Foi nesse período que se acorda nele a consciência do seu lugar no mundo.
Passa a activista sindical e autodidacta compulsivo, procurando conhecimento sobre tudo um pouco, mas especialmente sobre a vivência da Negritude.
“It’s a long-term job to change ideas held for centuries. My aim is to make a film for Africans. And, if it’s done well, people will like it everywhere else too./ Mudar ideias centenárias é um trabalho a longo prazo. O meu objectivo é fazer um filme para Africanos. E, se for bem feito, pessoas de outras partes do mundo também vão gostar”.
Começou por escrever pequenos contos e romances, mas rapidamente apercebe-se das limitações da escrita no Senegal, onde a taxa de alfabetização era muito baixa. É assim que surge a sua paixão pelo cinema: a necessidade de contar as suas histórias a pessoas como ele, numa linguagem que percebessem.
Durante os seus 40 anos de carreira, Sembene explorou destemidamente temas como o colonialismo, a corrupção dos movimentos de libertação no período pós-independência; o Islão e o racismo.
Foram filmes como “La noire de…” (1966) e “Moolaadé” (2004) que colocaram o cinema Africano no radar dos grandes festivais internacionais de cinema como o de Cannes e Berlim.
Mas com essa atenção, vieram também algumas punições. Em França, por exemplo, o seu filme “Camp de Thiaroye” (1988) foi banido e no Senegal, vários trabalhos dele foram banidos e/ou censurados como é o caso de “Ceddo” (1977) e “Emitaï” (1971).
O filme Sembene! tenta ser um retrato fiel do realizador que sacrificou as suas relações na indústria; com a sua família; com os seus amigos e até amantes pela sua causa.
Sembene aparece no filme como um artista que nunca quis – ou talvez nunca pôde – respirar, comer, dormir e amar outra coisa senão a própria arte. E é esta humanização, que serve ao mesmo tempo de demonização que coloca o espectador como juiz.
A dada altura Sembene confessa que seria capaz de atropelar certos princípios e mesmo valores em nome da sua arte. E que nós, os juízes, devíamos julgar a sua arte e não os processos que permitiram que tal arte fosse feita.
Ao enfrentar a câmara, Sembene olha-nos com uma certa arrogância e prepotência, mas atrás dela, o seu olhar capta compaixão, gentileza e procura sempre o mais puro e verdadeiro.
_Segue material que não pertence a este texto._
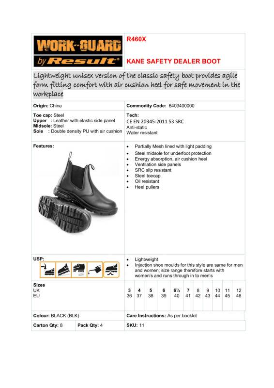 This lightweight unisex version of the classic safety boot provides agile, form-fitting comfort with air cushion heel for safe movement in the workplace. CE EN 20345:2011 S3 SRCCE EN 20345:2011 S3 SRCAnti-staticWater-resistantPartially mesh-lined with light paddingSteel midsole for underfoot protectionEnergy absorption, air cushion heelVentilation side panelsSRC slip resistanceSteel toecapOil-resistantHeel pullersUnisex injection shoe mould.Age Group: AdultFabric: LeatherGender: UnisexPlus Size: NoProduct Type: BootsSize Range: 3 to 12Sizing To Fit: 3 36 4 37 5 38 6 39 6.5 40 7 41 8 42 9 43 10 44 11 45 12 46Tag: Sewn TagWashing Instructions: The shoes should be regularly cleaned and treated with a suitable cleaning product. They should not be dried mechanically or heated, as this can cause the upper material to deteriorate, harden and break.]]>

É por isso irônico que através do seu trabalho tenha sempre criticado a forma absoluta como o poder dominante era uma força intolerante, no entanto, ele fez o mesmo.
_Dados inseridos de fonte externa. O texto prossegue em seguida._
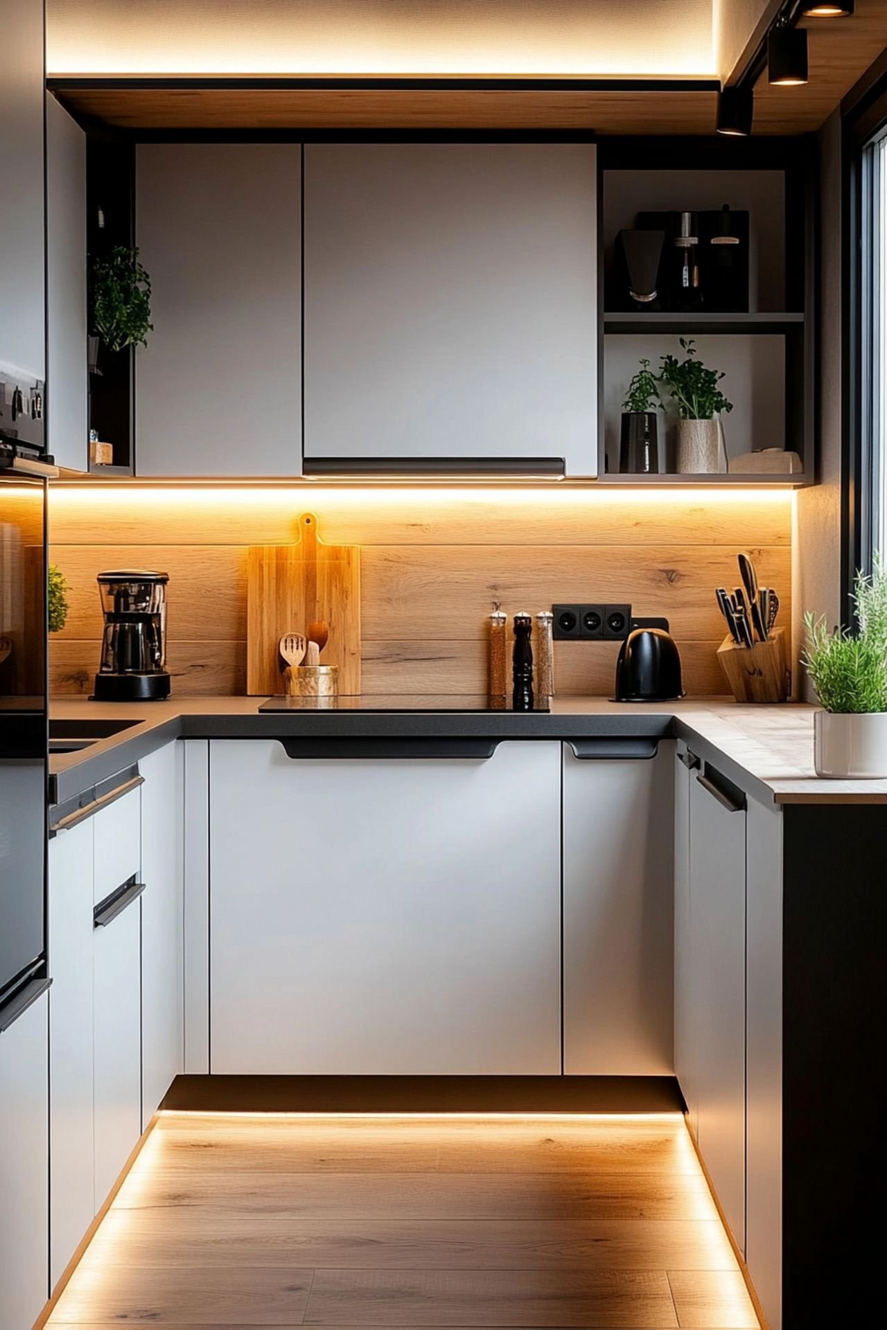 The goal is to make your mini kitchen feel open and flowing. By using LED lighting and other design tricks, you can make it feel more spacious and useful.

Mas apesar das contradições que o filme nos mostra entre o homem e o seu ego, Sembene! é ainda um retrato amável do realizador. Nele, nos é pintado um rebelde com uma causa nobre.
Para um homem que entregou a sua vida à arte de contar histórias à moda Africana, nenhum filme seria suficiente, contudo o documentário Sembene! fica bem perto.
Somos obrigados a aceitar os limites da humanidade deste grande senhor, Ousmane Sembene pois nem ele tem todas as respostas. Quando confrontado com as suas provocações, ele também treme.
Ficam claras as suas intenções: o contador de histórias não tem respostas, apenas perguntas.
Fonte: Escreve Eliane Escreve.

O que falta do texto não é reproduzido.